As financial centres around the world grapple with the rising popularity of digital assets, Singapore continues to cement its position as a forward-looking global crypto hub.
Written by Takatoshi Shibayama, Head of Sales APAC – Copper, on 25 November 2021. First published in Digital Bytes, 5 January 2022.
With the digital asset market currently valued in the region of $2.5 trillion, it’s no surprise that regulators from all over the world are looking to create a clear roadmap for investors to securely engage with this rapidly growing industry.
Leading the way is Singapore, whose digital asset regulations require crypto payment service providers to be licensed by the MAS.
As financial centres around the world grapple with the rising popularity of digital assets, Singapore continues to cement its position as a forward-looking global crypto hub – competing with the likes of Switzerland and Malta. Over the past three years, the Monetary Authority of Singapore (MAS) has been putting in place stringent regulation to help institutional investors and the retail market mitigate the multitude of risks associated with digital assets.
“Singapore currently has some of the toughest and most rigorous requirements of any jurisdiction in Asia for the licensing of digital asset businesses.” Takatoshi Shibayama, Head of Sales APAC at Copper, said. “Following China’s ban on cryptocurrencies, proposed obstacles to crypto trading in India, continued confusion in South Korea and Hong Kong facing criticism for limiting digital asset trading to professional investors – Singapore is eager to pave the way in Asia for a clear crypto regulatory framework that delivers on the trust quotient.”
Since January 2020, digital asset firms have been able to apply for operating licences under the Payment Services Act – a law that regulates companies handling the buying, selling, holding or transferring of cryptoassets. Many of the world’s biggest crypto exchanges, including Gemini, Coinbase and Crypto.com, have all applied for licences to operate.
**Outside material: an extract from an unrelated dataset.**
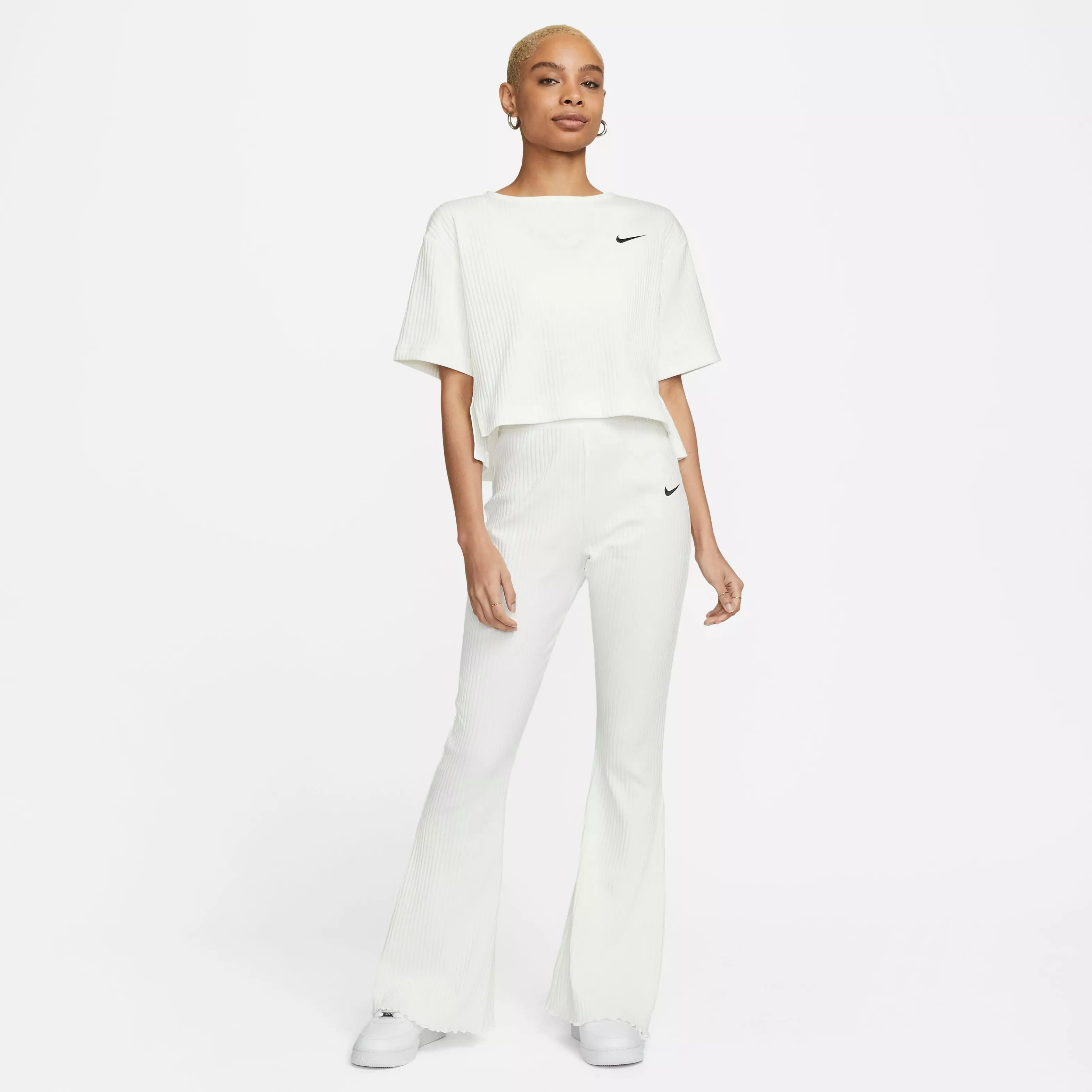 Nike Women's Sportswear Ribbed Jersey Short-Sleeve Top-Ivory

One of the latest digital asset firms to announce plans of obtaining a license and establishing a presence in Singapore is Circle, the issuer of the second-largest stablecoin, USDC. While they wait for their licence, many firms have been granted exemptions, meaning they can serve retail and institutional investors.
However, the MAS’ tough regulatory requirements has also led to leading players quitting the race.
Just weeks after a Chinese state crackdown on digital assets forced Huobi to stop its China operations, the exchange then announced the suspension of its services in Singapore, in lieu of increasing regulatory oversight. Meanwhile Binance, the world’s largest exchange by trading volume, was recently shown the red card by the MAS. In September 2021, the regulator ordered the exchange to cease providing payment services, forcing Singaporeans to withdraw their funds to store in MAS-approved crypto exchanges.
Just a week after Binance was shown the door, DBS Vickers – the brokerage arm of DBS Bank – secured a licence to offer digital payment token services. Australian crypto exchange, Independent Reserve, which describes itself as a ‘pro-regulation exchange’, followed suit in obtaining a MAS license (becoming the world’s first foreign crypto exchange to do so).
Most recently (sometime in mid November 2021), Singapore-based crypto exchange Coinhako, became the first local non-bank crypto exchange to announce that it had received an in-principal approval from MAS.
MAS Managing Director, Ravi Menon, recently said in an interview: “We don’t need 160 of them to set up shop here. Half of them can do so, but with very high standards, that I think is a better outcome.”
Copper’s Takatoshi believes that the coveted MAS license, which calls for digital assets to become subject to some of the toughest rules, is what sets this small island nation apart from other crypto-friendly jurisdictions.“It’s thought that about 20% of the 170 applications have been withdrawn or rejected by the MAS for not making the grade on money laundering controls, terrorism financing or technology risks.”
He said. “The clear priority is to keep both companies and users safe. I can certainly see the Singapore regulator’s approach to digital assets acting as a cookie-cutter model for other jurisdictions in Asia and Europe.”
He adds that the wider government is actively trying to understand decentralised technology, remarking that the appetite and interest for crypto in Singapore has even extended to the country’s sovereign wealth funds.
“Throughout the past year, both GIC and Temasek have been at the forefront of institutional allocations to blockchain and crypto technologies. Temasek is a backer of both FTX and Binance, while GIC earlier in 2021 invested in the parent company of crypto exchange OSL.”
“The future for digital asset regulation is still taking shape, and Singapore is one of the few jurisdictions setting clear rules and regulations of this complex sector. However as the fast-growing crypto industry evolves, regulators will need to work extra hard to keep pace. I definitely believe that Singapore is well-positioned to lead the world in enhancing investor confidence in digital assets, and look forward to the nation continuing to galvanise its global fintech hub status at the same time.” Takatoshi concluded.